Run kubectl -f ssh_servers.yaml under the directory: paddle/scripts/cluster_train_v2/fabric/docker_cluster will launch a demo cluster. Run kubectl get po -o wide to get IP addresses of these nodes.

Launching Cluster Job

paddle.py provides automatical scripts to start all PaddlePaddle cluster processes in different nodes. By default, all command line options can be set as paddle.py command options and paddle.py will transparently and automatically set these options to PaddlePaddle lower level processes.

paddle.pyprovides two distinguished command option for easy job launching.

  • job_dispatch_package set it with local workspace directory, it will be dispatched to all nodes which is set in conf.py.
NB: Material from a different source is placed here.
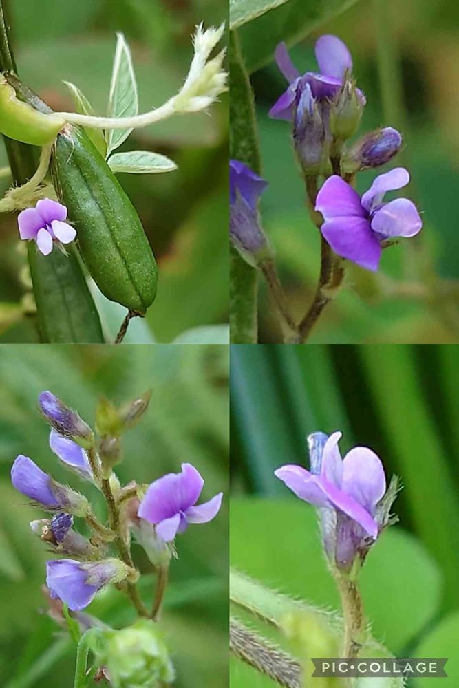 可愛い青紫色のツルマメ(ノマメ)の花を集めました、左上の花には大豆にそっくりの実が付いています💜🌿

It could be helpful for frequently manipulating workspace files. otherwise, frequent multi-nodes workspace deployment is very annoying.
  • job_workspace set it with already deployed workspace directory, paddle.py will skip dispatch stage to directly launch cluster job with all nodes. It could help to reduce heavy dispatch latency.

cluster_train/run.sh provides command line sample to run demo/recommendation cluster job, just modify job_dispatch_package and job_workspace with your defined directory, then:

sh run.sh

The cluster Job will start in several seconds.

Kill Cluster Job

paddle.py can capture Ctrl + C SIGINT signal to automatically kill all processes launched by it. So just stop paddle.py to kill cluster job. You should manually kill the job if the program crashed.

Check Cluster Training Result

Check log in $workspace/log for details, each node owns same log structure.

paddle_trainer.INFO It provides almost all internal output log for training, same as local training. Check runtime model convergence here.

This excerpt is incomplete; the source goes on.